Page 1 of 1

How to extract all URLs from a text file?

Posted: Sun Jan 03, 2016 11:01 am
by rsdguru
Hi, I'm Peter and a new member here.

Who can help me out?

I need to extract all the urls from a simple text file into a new file, every url in a new line.
The urls may have all different formats...

(Is this possible with the free version of textcrawler?)

thx in advance

Re: How to extract all URLs from a text file?

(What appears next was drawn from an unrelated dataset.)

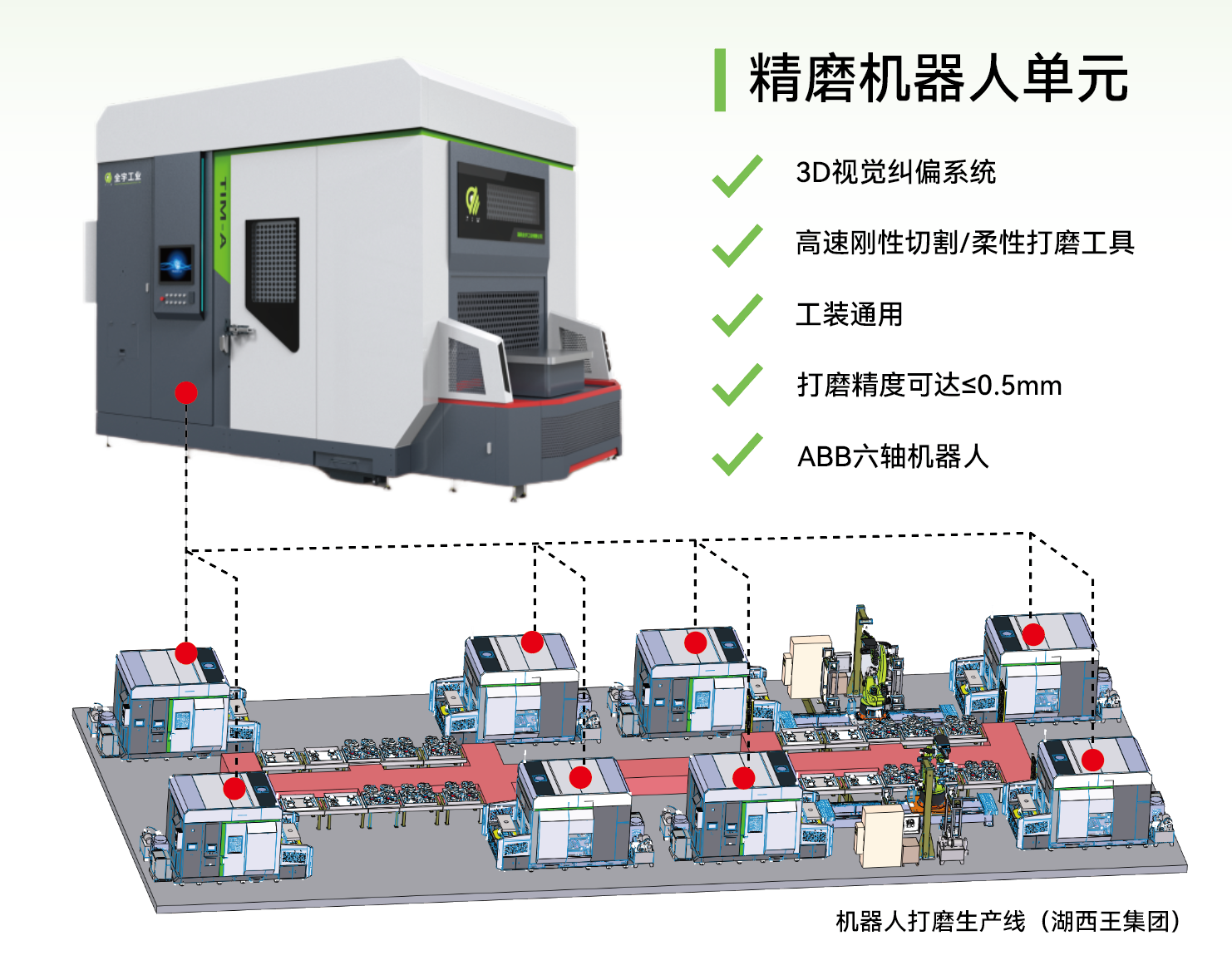本次展出的單臺(tái)智能打磨機(jī)器人來自湖西王集團(tuán)惠購的機(jī)器人打磨生產(chǎn)線。湖西王集團(tuán)是中國(guó)鑄造行業(yè)綜合百強(qiáng)企業(yè)、中國(guó)鑄造行業(yè)排頭兵企業(yè),持續(xù)20余年為商用車、工程機(jī)械、農(nóng)業(yè)裝備、特種車輛、機(jī)器人風(fēng)電領(lǐng)域等六大領(lǐng)域提供高品質(zhì),低成本,可持續(xù)的各類鑄件及軸承零部件,其客戶主要為高端裝備制造業(yè)世界500強(qiáng)企業(yè),產(chǎn)品覆蓋四大洲超過20多個(gè)發(fā)達(dá)國(guó)家及地區(qū)。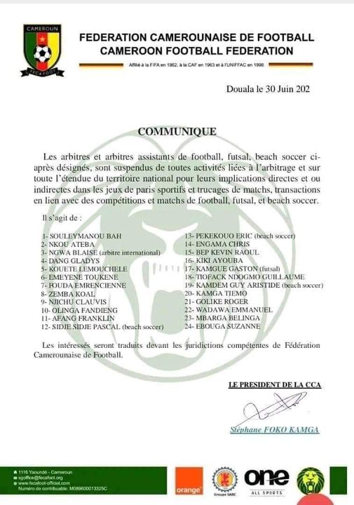 أعلن الاتحاد الكاميروني، اليوم الأحد، بياناً رسمياً عبر حسابه على موقع التواصل الاجتماعي تويتر، إيقاف 24 حكما لكرة القدم وكرة الصالات، بسبب تلاعبهم في النتائج ومشاركتهم في المراهنات خلال الفترة الماضية.

Posted: Tue Jan 05, 2016 1:57 pm
by DigitalVolcano
You need to use a regular expression to find urls.

Such as:

Code: Select all

\b((ftp|https?)://[-\w]+(\.\w[-\w]*)+|(?:[a-z0-9](?:[-a-z0-9]*[a-z0-9])?\.)+(?: com\b|edu\b|biz\b|gov\b|in(?:t|fo)\b|mil\b|net\b|org\b|[a-z][a-z]\b))(\:\d+)?(/[^.!,?;"'<>()\[\]{}\s\x7F-\xFF]*(?:[.!,?]+[^.!,?;"'<>()\[\]{}\s\x7F-\xFF]+)*)?
(This may not be perfect for your needs)


You can then click extract. Unfortunately the Extract function is only in the Pro version.